Sunday, May 4, 2008

If data centers were hotels...

Steve Lohr over at the New York Times has written a piece about the fact that servers are massively underutilized and if they were hotels they would be bankrupt.

He wrote that "computer servers are used at only 6 percent of their capacity on average, while data center facilities as a whole are used at 56 percent of peak performance."

This is one of the biggest selling points about virtualization - drive up utilization of the server hardware.

The piece is based on a McKinsey & Co. study by Will Forest who says "world’s data centers are projected to surpass the airline industry as a greenhouse gas polluter by 2020."

Okay great - so its not just a capacity issue, now its an "save the planet" issue.

Another of the big selling points of virtualization is the more efficient use of power, cooling, etc.

(Ed. note: The word environment can get confusing when in a server virtualization discussion - anything that has to do with environment in this blog post is related to server power and the heat they give off, cooling of said heat and the powering the cooling. (floorspace, voltage, amps, etc.???).

It's these resources that are being consumed inefficiently when the servers are running at low capacity and directly proportional - make these boxes run at higher capacities, drives down the environmental requirements and reduces the per VM costs.)


He states (via Lohr) that the negative environmental impact will come from the electricity consumed by the growing data centers and the "the carbon dioxide emissions attributable to the electricity consumed by fast-expanding data centers will rise fourfold, the study estimates".

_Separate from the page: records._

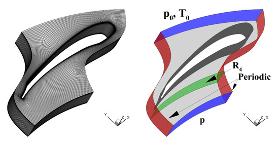 20]. For axial turbine convergent–divergent stators, it has been demonstrated that increasing the outlet flow angle leads to higher downstream mixing losses and flow field non-uniformity, since the wake is closer to the suction side of the adjacent vane [
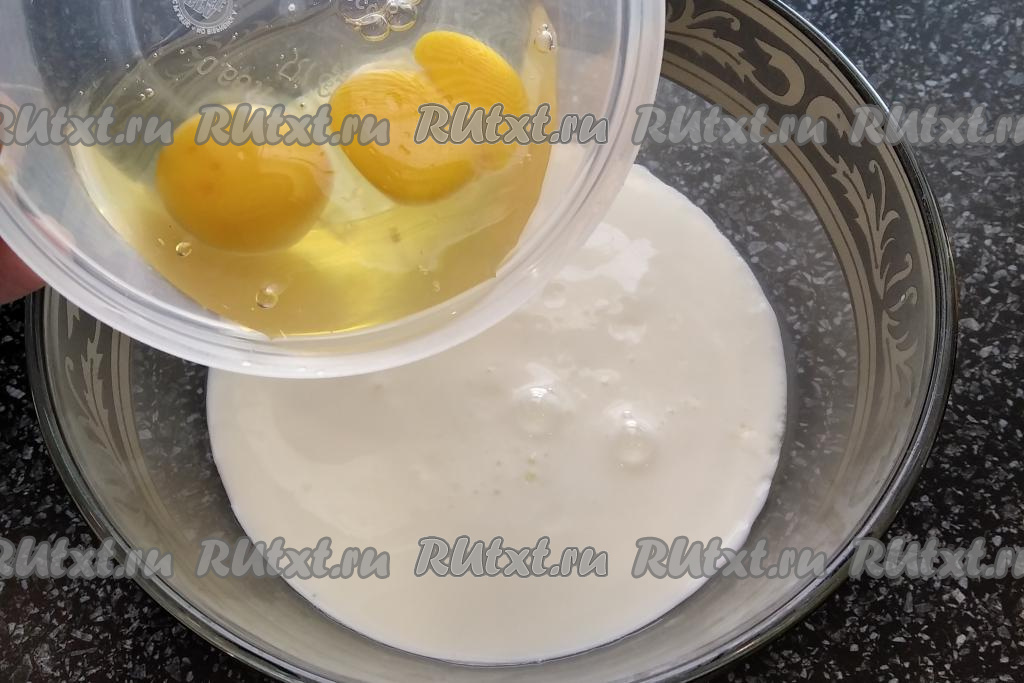 В другой глубокой тарелке смешиваем жидкие ингредиенты: кефир, майонез, сырые яйца. Просто перемешиваем хорошо венчиком, взбивать не нужно.
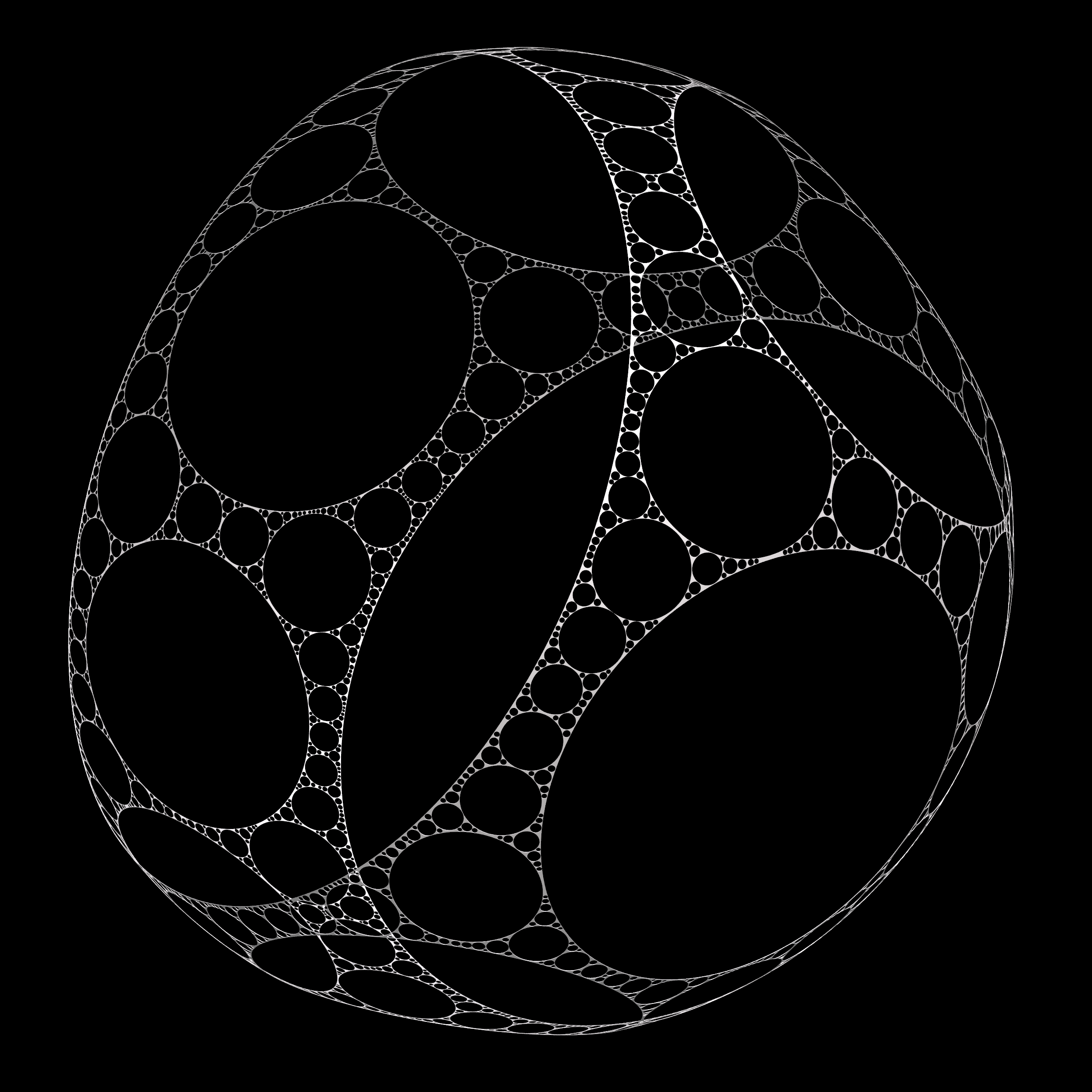 Procedure, start with a shape, eg: sphere. Start with an initial subtracting sphere and subtract that from a random position on the starting shape. Search for another random position that does not intersect any of the subtracting shapes so far. If one is found then subtract and repeat. If a spot cannot be found reduce the radius of the subtracting sphere and repeat. This is similar to the work of John Shier except he found the formula which gives the reduction factor to ensure space filling. |
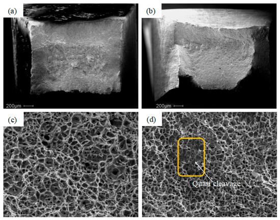 Figure 19. Fracture morphology of the tensile specimens: (a,b) Macroscopic fracture morphology of the transversal and longitudinal specimens; (c,d) typical fracture features of the transversal and longitudinal specimens.
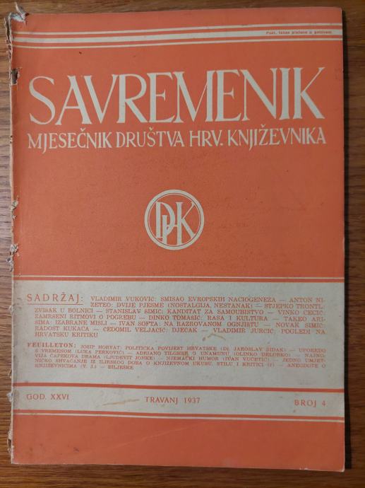 SAVREMENIK 4 , 1937.Mjesečnik društva hrv. knjiž. /Ur. : Luka PERKOVIĆ

McKinsey states (via Forest) that to help fix this IT Departments will need to "bring some of the mainframe-style management disciplines to modern data centers".

Amen. Amen. Amen.

(Ed. Note: That's our first three amen blog post).

Virtualized servers as mainframes - that's genius talking right there.

And that means big iron management, capacity management, better systems management than what existed in the past - its mainframe disciplines brought to virtualized servers.